Witco Chemical Corporation, Etc., Appellee/cross-Appellant v. Peachtree Doors, Inc., Etc., Mobay Chemical Corp., Etc., Appellants/cross-Appellees

787 F.2d 1545, 4 Fed. R. Serv. 3d 646, 229 U.S.P.Q. (BNA) 188, 1986 U.S. App. LEXIS 20041, 54 U.S.L.W. 2535
CourtCourt of Appeals for the Federal Circuit
DecidedMarch 24, 1986
DocketAppeal 85-972, 85-1453
StatusPublished
Cited by11 cases

This text of 787 F.2d 1545 (Witco Chemical Corporation, Etc., Appellee/cross-Appellant v. Peachtree Doors, Inc., Etc., Mobay Chemical Corp., Etc., Appellants/cross-Appellees) is published on Counsel Stack Legal Research, covering Court of Appeals for the Federal Circuit primary law. Counsel Stack provides free access to over 12 million legal documents including statutes, case law, regulations, and constitutions.

Bluebook
Witco Chemical Corporation, Etc., Appellee/cross-Appellant v. Peachtree Doors, Inc., Etc., Mobay Chemical Corp., Etc., Appellants/cross-Appellees, 787 F.2d 1545, 4 Fed. R. Serv. 3d 646, 229 U.S.P.Q. (BNA) 188, 1986 U.S. App. LEXIS 20041, 54 U.S.L.W. 2535 (Fed. Cir. 1986).

Opinion

BISSELL, Circuit Judge.

This is an appeal from the judgment, after a jury trial, entered on December 4, 1984, amended December 10, 1984, by the United States District Court for the Northern District of Georgia, holding Witco Chemical Corporation’s (Witco) U.S. Patent Nos. 3,846,347 (’347) and 4,248,975 (’975) (collectively called Witco’s patents) not invalid and infringed by foam-forming systems and prepolymers sold by Mobay Chemical Corporation (Mobay) and used by Peachtree Doors, Inc. (Peachtree). We vacate the judgment and remand for a new trial.

I. BACKGROUND

THE INVENTIONS

The Witco patents relate to the preparation of a rigid shrink-stable polyurethane foam having good thermal insulating properties. 1 The polyurethane molecule is obtained by reacting a polyisocyanate with a polyester and polyether polyol containing at least two hydroxyl (rOH) groups. A prepolymer is the reaction product of an excess of an organic polyisocyanate and a polyether polyol, which has all of the hydroxyl groups reacted with the polyisocyanate. This prepolymer can be stored and used later to make the polyurethane.

To make a foam, a “blowing agent” must be present to form gas bubbles within the polyurethane during the reaction. The blowing agent can be either a reactive chemical or a physical foamant.
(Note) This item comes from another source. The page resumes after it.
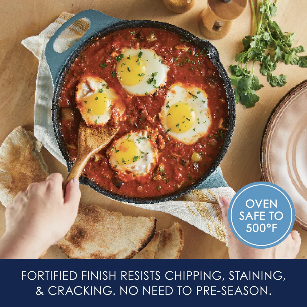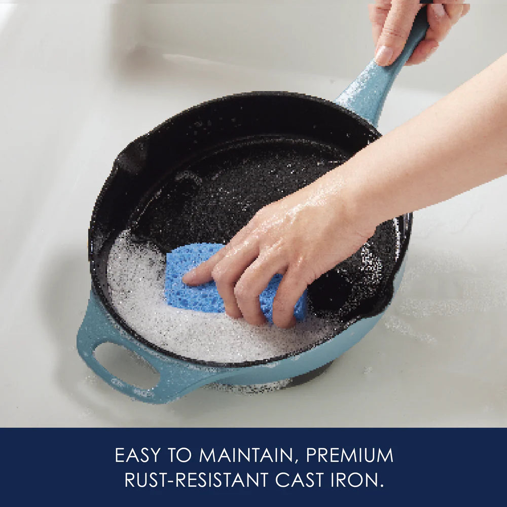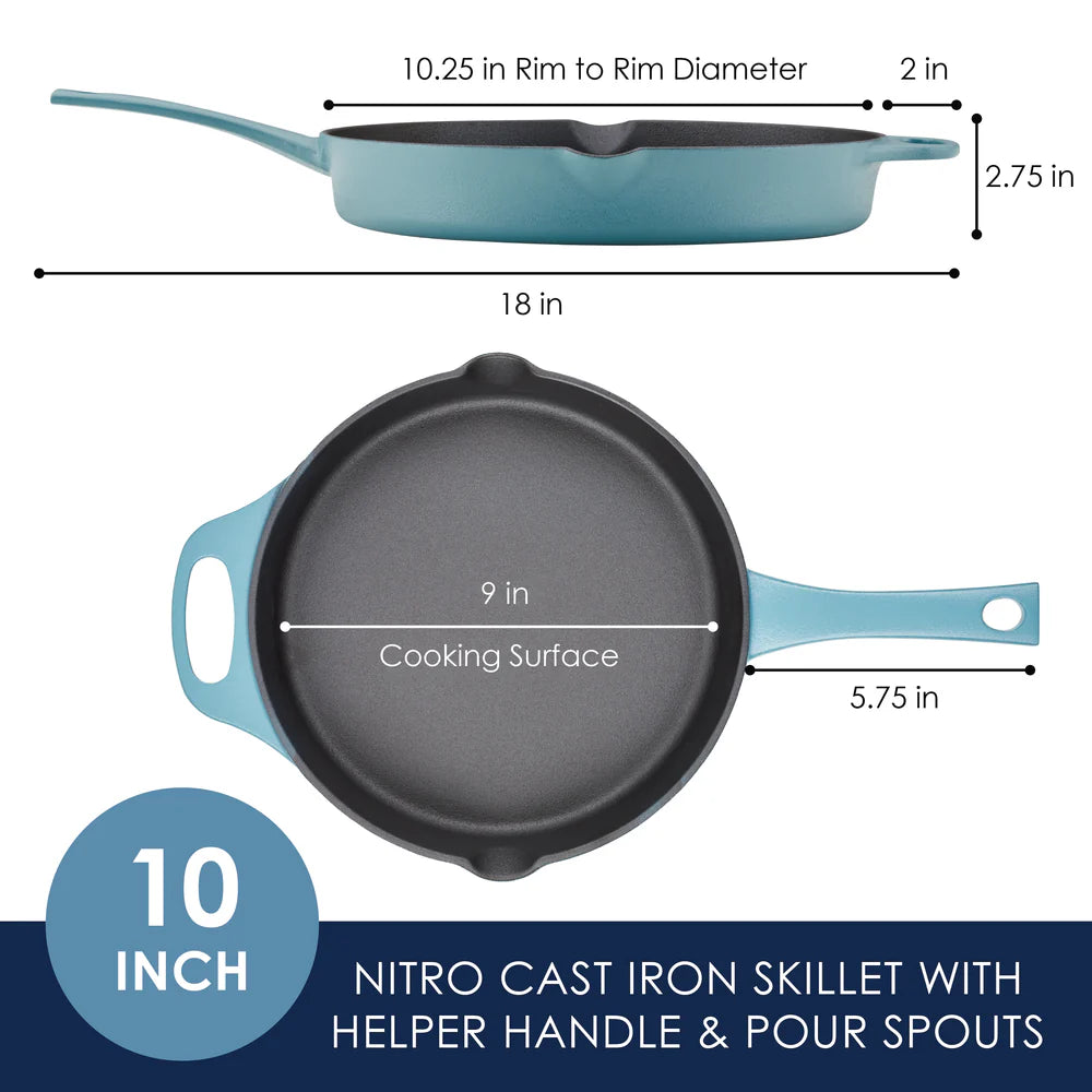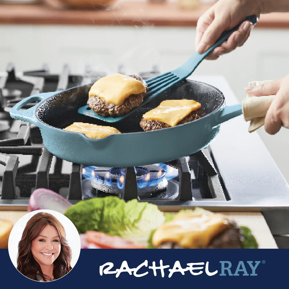 Meet your new kitchen hero! Get incredible cast iron performance that's easy to maintain with this Rachael Ray NITRO Cast Iron Skillet that delivers the classic durability and performance of cast iron without the hassle of complicated cleaning. A next-generation nitro heat treatment seals and smooths surfaces for amazing, easy-to-use, easy-to-clean cast iron that's fortified to resist rust, chipping, and staining. Wash it, scrub it, crank it up on the stovetop or in the oven! This amazing 10-inch cast iron frying pan features a helper handle for all of your stove-to-oven recipes and built-in spouts for easy pouring, and the satiny-smooth nitro finish holds brilliant colors to complement any kitchen. Oven safe to a ripping 500°F, induction capable and made to last a lifetime (and look great for a lifetime, too), this durable meal maker is pre-seasoned and ready to deliver. See why cast iron is one of Rachael's favorite ways to make meals even more delish.

For example, water is an example of a reactive chemical foamant and reacts with the isocyanate to release carbon dioxide gas in situ. On the other hand, fluoroehloroalkanes are examples of physical foamants and are inert materials which vaporize at the temperature reached during the polyurethane polymerization reaction.
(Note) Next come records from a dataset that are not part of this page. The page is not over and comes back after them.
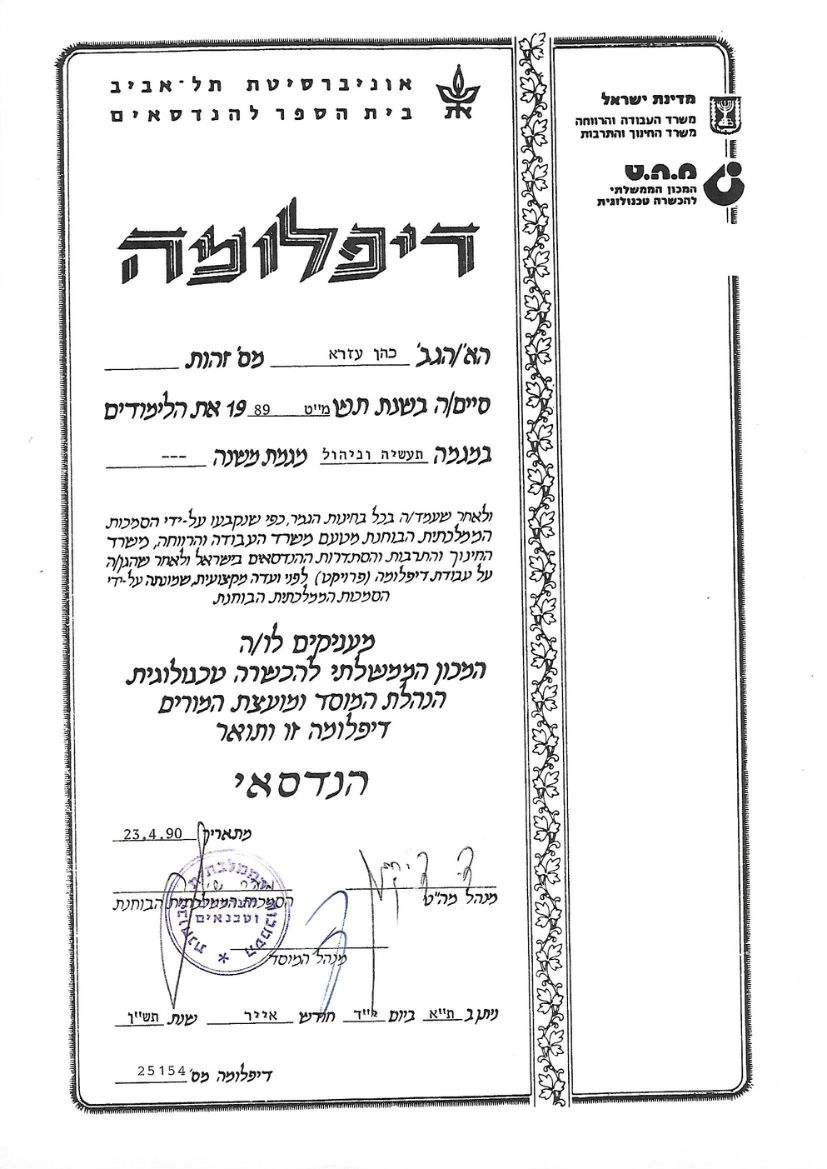 1987 – בוגר הנדסאי תעשייה וניהול.
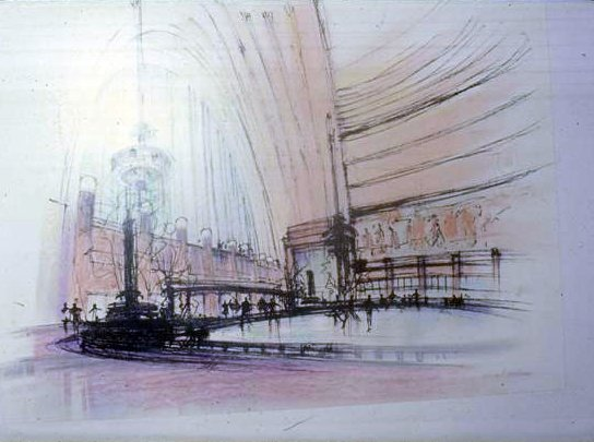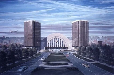 Many different proposals and ideas were considered for the terminals future. None of them (including the garish office park idea seen above) came to fruition. It wasn't until 1978 that the terminal had a new lease on life. A Columbus, Ohio developer began turning the historic building into a shopping mall. When completed in 1980, Union Terminal reopened as "The Land of Oz," a family entertainment and shopping complex.
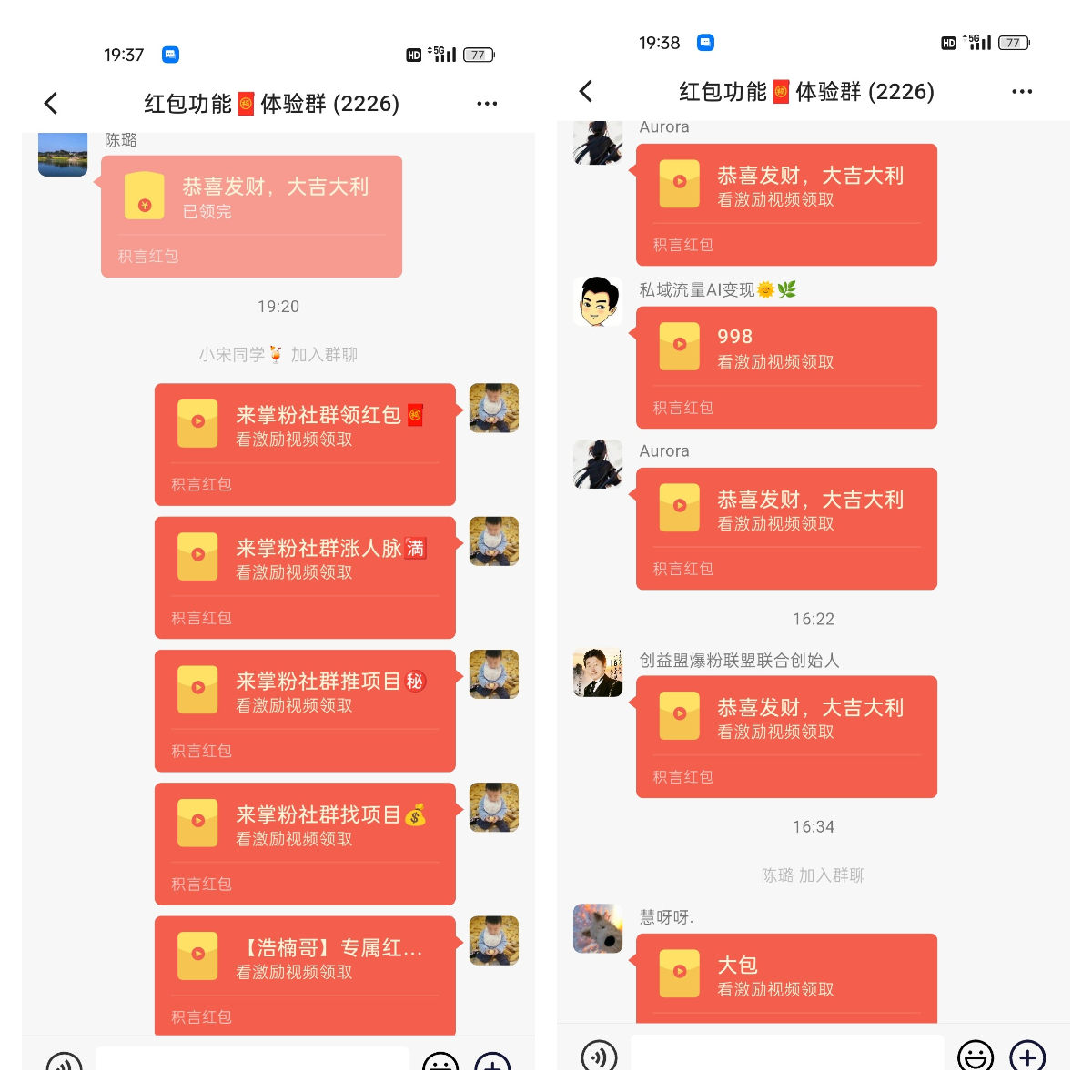 掌粉社群新增红包玩法,每人每天可以发50个红包,成本0.01元/个,红包被领完后,你就可以获得他们领取金额的总和(一般都是10倍左右)

Under the Witco patents a foam is produced by reacting an arylene polyisocyanate with a polyether polyol and using a chlorofluoro-lower alkane as the blowing agent. 2

*1547 Polyurethane foam-forming compositions can be sold as “foam chemical systems” which consist of two components, an “A” side and a “B” side. The “A” side contains the polyisocyanate. The “B” side contains a mixture of polyol, catalyst, and blowing agent. When the “A” and “B” components are mixed together they react to form a foam. The accused products of Mobay are foam-forming systems and prepolymers.

THE PROCEEDINGS BELOW

Witco sued defendants Mobay and Peach-tree for infringement of claims 1, 5 and 21 of the ’347 patent and claims 1 and 11 of the ’975 patent. Peachtree’s infringement allegedly occurred through use of the Mo-bay products. The defense challenged the patents’ validity under sections 102(g), 103 and 112 (best mode) and their enforceability because Witco failed to comply with the duty of disclosure during the prosecution of the patents.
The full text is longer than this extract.